With regard to the standoff at Wat Phra Dhammakaya, the Thai Alliance for Human Rights repeats its statement that the siege of the temple using 4,000 military, police, and investigative officers is a dangerous overreaction. The stated goal is to charge one person, the honorary Abbot, with embezzlement and money laundering. This is a nonviolent crime and the money has already been returned. At the time of our first statement, one person had already died: a girl accidentally run over by a military vehicle. Now two more have died as a result of the standoff – one person near the temple hung himself in protest of Prayut’s use of Article 44 to siege the temple; and one woman, a layperson protesting within the temple, had an asthma attack, and because of the checkpoints, medical personnel could not reach her in time. So three have died despite the fact that officers carry no lethal weapons and have acted with restraint and the monks and laypeople also have vowed to be peaceful. Again, it is almost inevitable that an operation of this magnitude will have collateral damage (unintended damage to innocent people not the target of the operation). Is it really worth the Thai authorities’s dedicated resources so far? Add to this, the fact that the tens of thousands of temple members currently can’t use the beautiful temple they built with their own funds to practice their preferred brand of Buddhism. And the livelihoods of those living and working in the area suffer because they can’t get to work. The Abbot has almost certainly already escaped, so what is the point of continuing to surround the temple? Who is being punished now? It is not the abbot, but all the tens of thousands of temple members. It appears to be the harassment of a religion that is unpopular with many, including and especially those now in power.
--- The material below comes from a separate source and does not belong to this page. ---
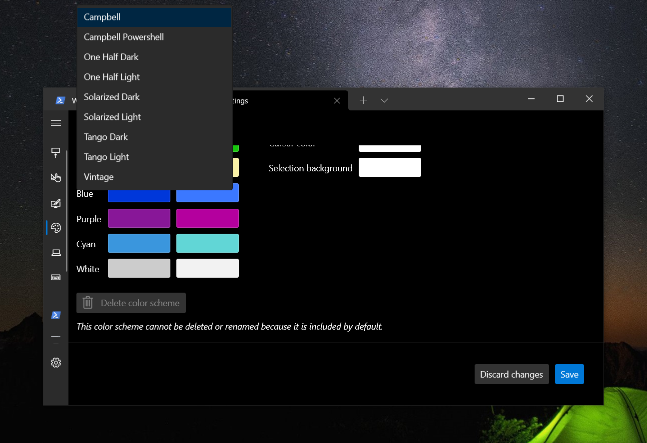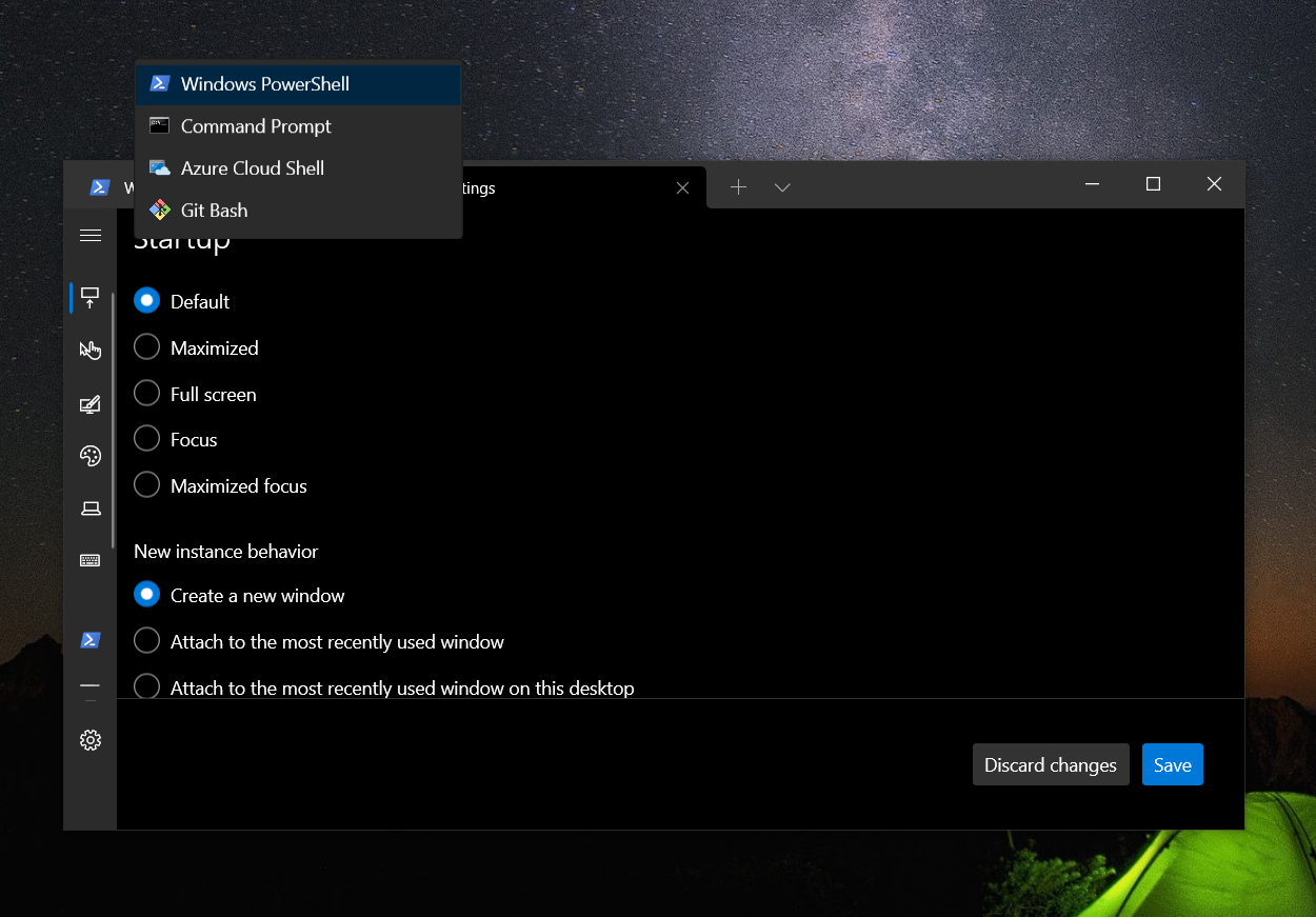 When the section is scrolled the dropdown list is visible outside the "Windows Terminal" window

People ask why the Abbot doesn’t turn himself in and avoid all this mess, and why he has his tens of thousands of supporters defend him. I don’t know why because this is not my temple and not my religion. But these are foundational beliefs and matters of identity for tens of thousands. It is a mistake for the government to be threatening, or to appear to be threatening, a huge religious group. It is playing with fire.
On the other hand, maybe I do understand the resistance. There has been so much blatant unfairness under this junta government. A temple is sieged with 4,000 officers to catch one man who MIGHT have embezzled, while blatant nepotism in the Chan-o-cha family is excused. When the rules say that a monk considered friendly to Wat Phra Dhammakaya is to be the next Supreme Patriarch of Thai Buddhism, the junta government changes those rules, overriding the highest religious body, to appoint its own preferred Supreme Patriarch. The government brings seemingly frivolous charges against the former Prime Minister, Miss Yingluck Shinnawatra, and uses article 44 to freeze her assets. Many fear that the hunt for the Abbot is a pretext, and the ultimate goal is crushing and stealing the wealth of Wat Phra Dhammakaya. I know plenty of people who, when faced with summons from this junta government, fled the country. They had no faith that they would receive justice, and I can’t blame them. It is perhaps for similar reasons that Abbot is in hiding and that many (but not all) temple members appear to be OK with that.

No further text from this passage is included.